One balmy evening in May, Connor dropped by unannounced. Julia had been busy digging neglected flowerbeds all afternoon and was blotched with dirt and sweat. He said he was on his way to Hamilton to meet up with Chuck Hamer and some of his other smoke jumping buddies and since he was passing, he thought he would call by and say hello. He hoped she didn’t mind. Julia said she didn’t and apologized for looking such a wreck. He said he thought she looked just fine. Amy had gone down to the river to see if she could catch supper. She heard Connor’s voice and turned and waved and he waved back.
‘Would you like a beer?’ Julia said.
‘Sure, if you’re going to have one.’
She went inside to fetch them and while she was there tried to smarten herself up in the hallway mirror but decided she was beyond repair. She thought he might have gone down to the river to be with Amy but she found him waiting for her on the deck and they stood there, drinking their beers while the light mellowed around them.
‘I was trying to figure out what was different out here,’ he said. ‘You took down that old rope rail.’

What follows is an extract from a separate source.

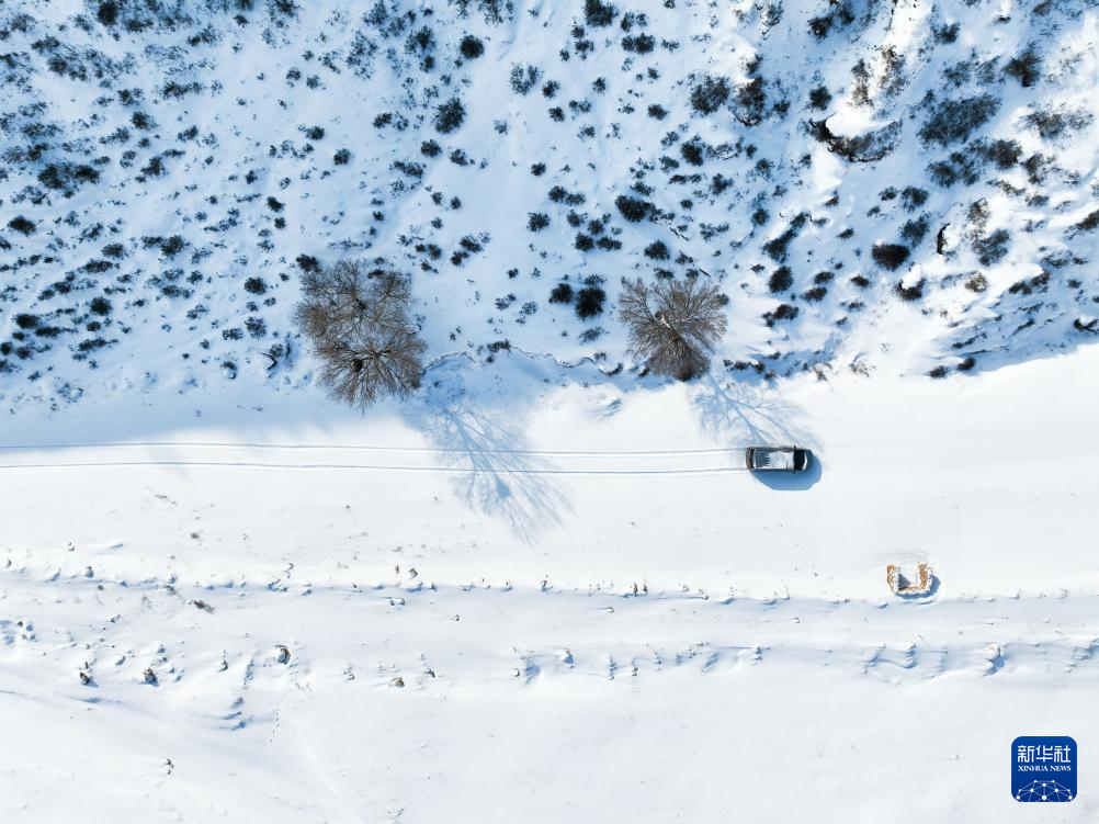 2月7日,刘贵兵和同事乘车在辖区内巡护(无人机照片)。

‘Oh, yeah, we did. Well, you know, it wasn’t really needed anymore.’
‘Opens the place up.’
‘It does. Gives us more space.’
He nodded and for a while neither of them said anything. How the conversation might have developed, she would never know, because at that moment, Amy hooked a fish and let out a whoop and they both went running down to the river to join her. She landed it with only a few words of guidance from Connor. It was a rainbow but too small to keep. Connor carefully unhooked the fly and lowered the fish gently into the water and they watched it linger for a moment as if it couldn’t believe it was free, then dart away in a flash of silver.
By early June, Amy seemed to have recovered most of her old zest and confidence. She started to sleep in her own room, though the first few times she came creeping back at the dead of night to Julia’s. At supper one evening she announced that the coming weekend her friend Molly was having a sleepover birthday party.

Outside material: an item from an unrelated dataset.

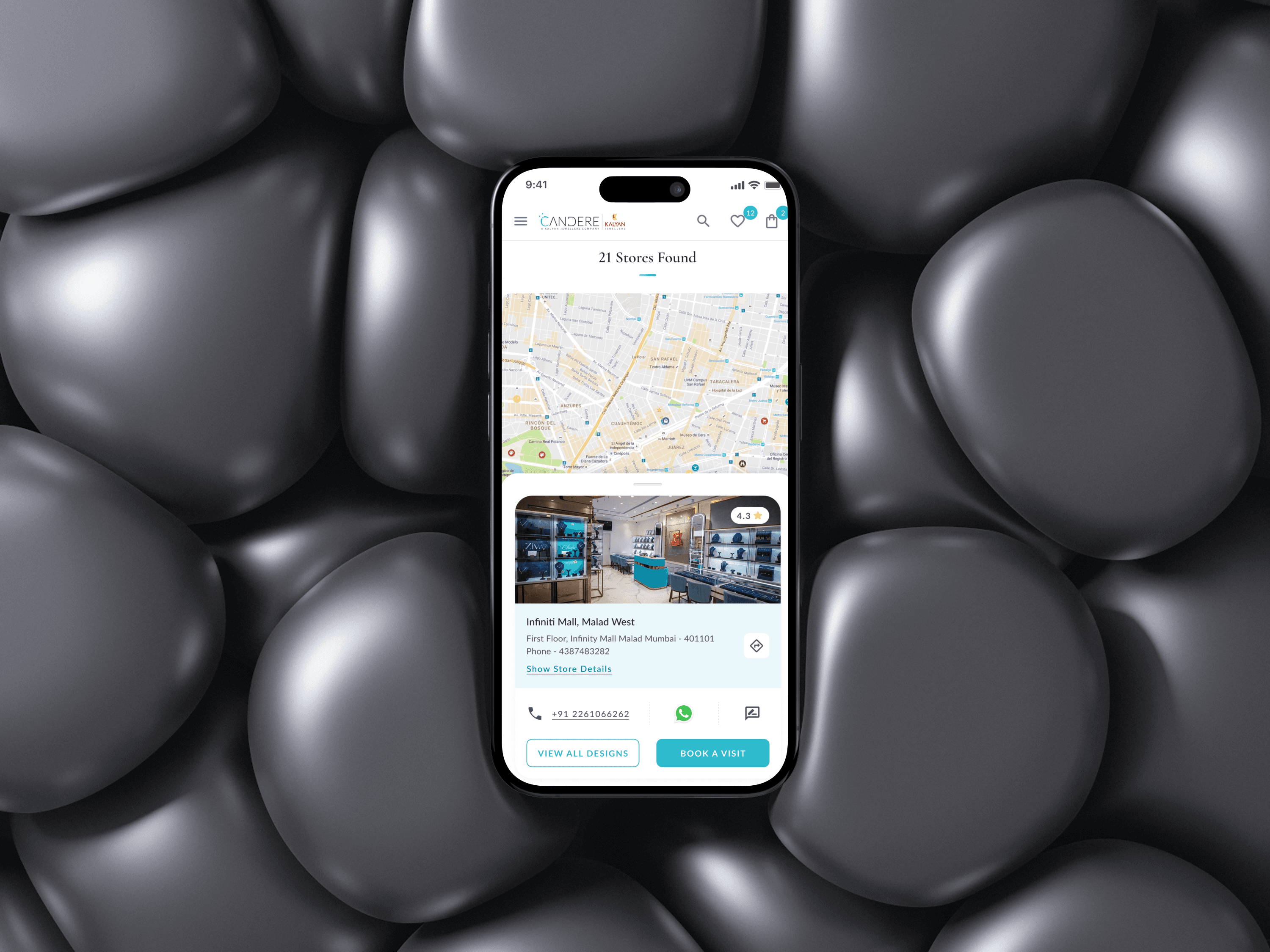 Discover the elegance of Candere by Kalyan Jewellers in person. Enjoy personalized assistance, custom fittings, and exclusive in-store services. Explore our exquisite collections firsthand and find your perfect piece with expert guidance. Visit us today for an unparalleled jewelry shopping experience.

‘Is it okay if I go?’ she asked tentatively.
‘Is it “okay”? I think that’s terrific.’
‘You’re sure you don’t mind?’
‘Heck, I might even have a sleepover myself!’
‘With Connor?’
Julia gulped. She laughed too loudly and felt herself blushing.
‘Well, no, honey. That’s not what I meant. I just said it, you know, as a joke.’
‘It’s okay, you know. I don’t mind.’
Julia didn’t know where to look or what to say. Amy went on.
‘I mean, I thought we were all going to, like, live together.’
‘Is that what you want?’
‘Of course I do! I love him. He’s not my daddy but he is my father.’
That did it. Julia got up and went to her and they grabbed hold of each other, crying and laughing at the same time. Still hugging her, Amy went on.
‘You love him too. I know you do by the way you look at him.’
‘Do I? I mean, do you?’
‘Yes. And he looks at you the same way.’
‘Does he?’
Amy disengaged from Julia’s arms and sniffed and wiped her tears away.